Prolog insert element after first occurrence

Question

How I can add an element E right after the first occurrence of X in list Xs?

Example:

?- insert_right_behind(5,10,[2,4,10,12],Xs).
Xs = [2,4,10,5,12].                     % expected answer

At this moment, I have problems understanding the recursion that needs to be made since I am new to the language.

Thanks in advance!

Answer 1

Let's keep it simple and use append/3, meta-predicate maplist/2 and prolog-dif like so:

item_following_in_inserted(I,J,Xs,Ys) :-
   append(Prefix,[J  |Suffix],Xs),
   maplist(dif(J),Prefix),
   append(Prefix,[J,I|Suffix],Ys).

Done! It's query time... First, let's run the query the OP gave:

?- item_following_in_inserted(5,10,[2,4,10,12],Xs).
  Xs = [2,4,10,5,12]               % succeeds, but leaves behind choicepoint
; false.

What if the item is not a member of the given list?

?- item_following_in_inserted(5,10,[2,4,   12],Xs).
false.                             % fails, as expected: 10 is absent

Let's check that we only insert after the first occurrence—and nowhere else!

?- item_following_in_inserted(5,10,[2,4,10,12,10],Xs).
  Xs = [2,4,10,5,12,10]            % single solution
; false.                           % terminates universally

What about the most general query of item_following_in_inserted/4?

?- item_following_in_inserted(I,E,Xs,Ys).
  Xs = [         E|_Z], Ys = [         E,I|_Z]
; Xs = [      _A,E|_Z], Ys = [      _A,E,I|_Z], dif(E,_A)
; Xs = [   _A,_B,E|_Z], Ys = [   _A,_B,E,I|_Z], dif(E,_A), dif(E,_B)
; Xs = [_A,_B,_C,E|_Z], Ys = [_A,_B,_C,E,I|_Z], dif(E,_A), dif(E,_B), dif(E,_C)
...

Answer 2

In the previous answer most successful queries left behind useless choicepoints.
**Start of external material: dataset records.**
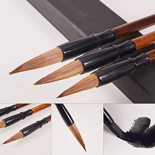 PandaHall 3pcs 1 Set 3 Dimensioni Spazzole di Calligrafia Cinese la Pittura della Calligrafia Disegno Pennello Penna Pennello Terra di Siena per la Produzione di Oggetti per la Pittura
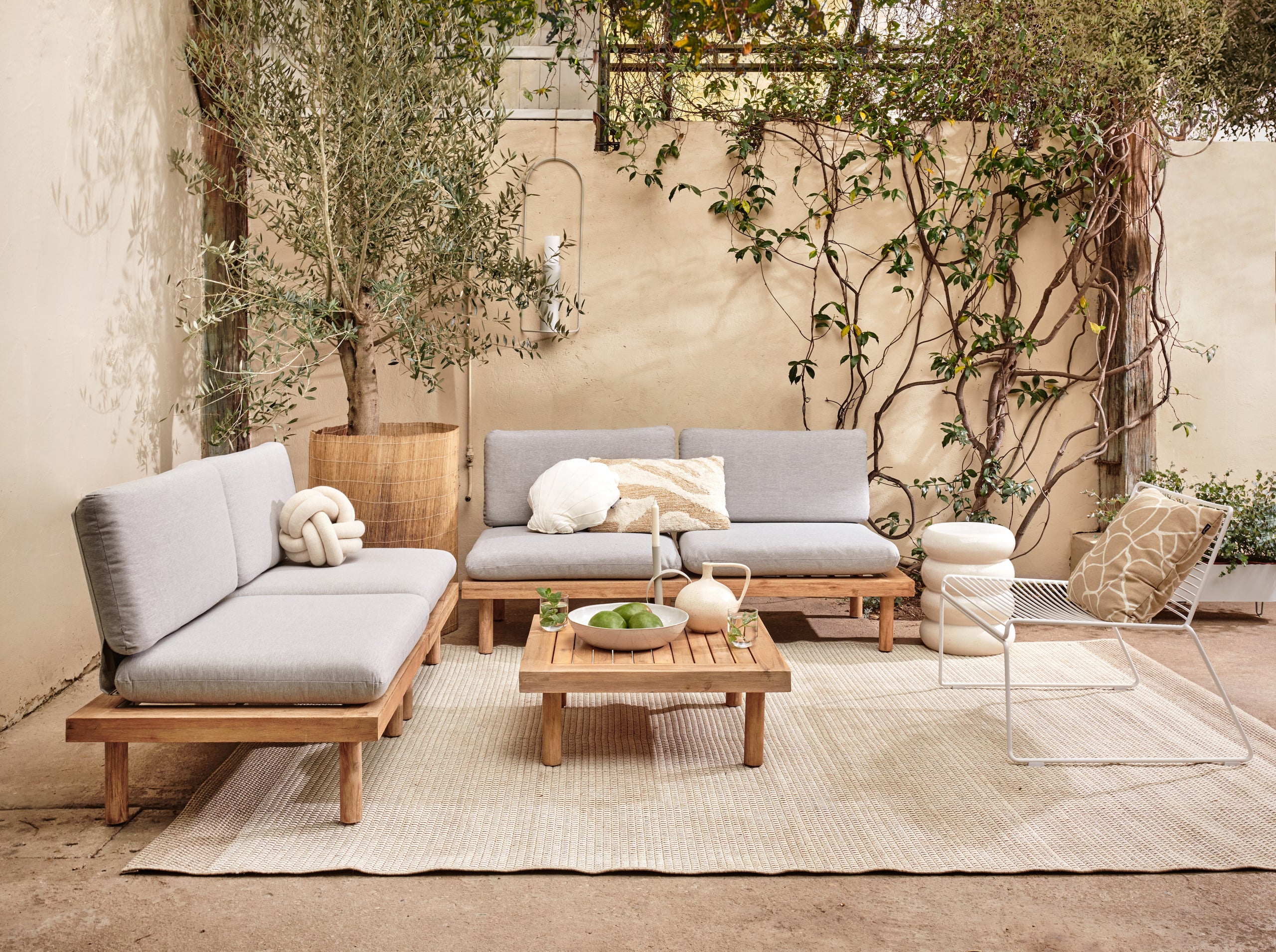 Sluit even je ogen en laat je meenemen door het gevoel van Fresh Summer. Terwijl je de vogels hoort fluiten, schijnt de warme zon op je gezicht en geniet je van een kop koffie uit je favoriete mok. Dit serene gevoel vertalen we door naar een tuinstijl waarbij het creëren van een rustige, comfortabele plek centraal staat. Ga voor neutrale tinten met zachtgrijs en -beige als accentkleuren. Maak een combinatie van natuurlijke materialen die niet alleen rust uitstralen, maar ook het idee van duurzaamheid omarmen. Een mooie loungebank in een neutrale houtkleur past hier perfect en met sfeervolle tuinverlichting maak je jouw oase aan rust helemaal af!
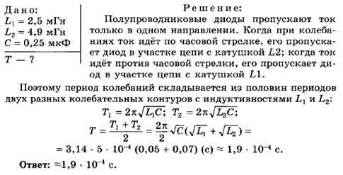 Определите период колебаний в контуре (рис. 157). В цепь включены два идеальных полупроводниковых диода. С = 0,25 мкФ, L1 = 2,5 мГн, L2 = 4,9 мГн.

We can avoid these choicepoints by using if_/3 and (=)/3 like so:

item_following_in_inserted(I,J,[X|Xs],Ys0) :-
   if_(J = X,
       Ys0 = [J,I|Xs],
       (Ys0 = [X|Ys], item_following_in_inserted(I,J,Xs,Ys))).

Let's run some queries!

?- item_following_in_inserted(5,10,[2,4,12],Xs).
false.                                               % OK, unchanged

?- item_following_in_inserted(5,10,[2,4,10,12],Xs).
Xs = [2,4,10,5,12].                                  % succeeds deterministically

?- item_following_in_inserted(5,10,[2,4,10,12,10],Xs).
Xs = [2,4,10,5,12,10].                               % succeeds deterministically

?- item_following_in_inserted(I,E,Xs,Ys).
  Xs = [      E|_Z], Ys = [      E,I|_Z]             % OK, unchanged
; Xs = [   _A,E|_Z], Ys = [   _A,E,I|_Z], dif(E,_A)
; Xs = [_A,_B,E|_Z], Ys = [_A,_B,E,I|_Z], dif(E,_A), dif(E,_B)
...

Answer 3

Use three predicate clauses:

% Inserting after in an empty list is an empty list:
insert_after( _X, _Y, [], [] ).

% If the "after" item is at the head of the list, then the "insert" item can go after it:
insert_after( X, Y, [Y|T], [Y,X|T] ).

% If the head of the list isn't the "after" item, then the result will be
% this with a new tail list that has the "insert" item inserted:
insert_after( X, Y, [H|T], [H|L] ) :-
    Y \= H,
    insert_after( X, Y, T, L ).

If the "after" item doesn't exist in the given list, then insert_after/4 will yield the original list. By removing the first insert_after clause above, it will just fail for that case.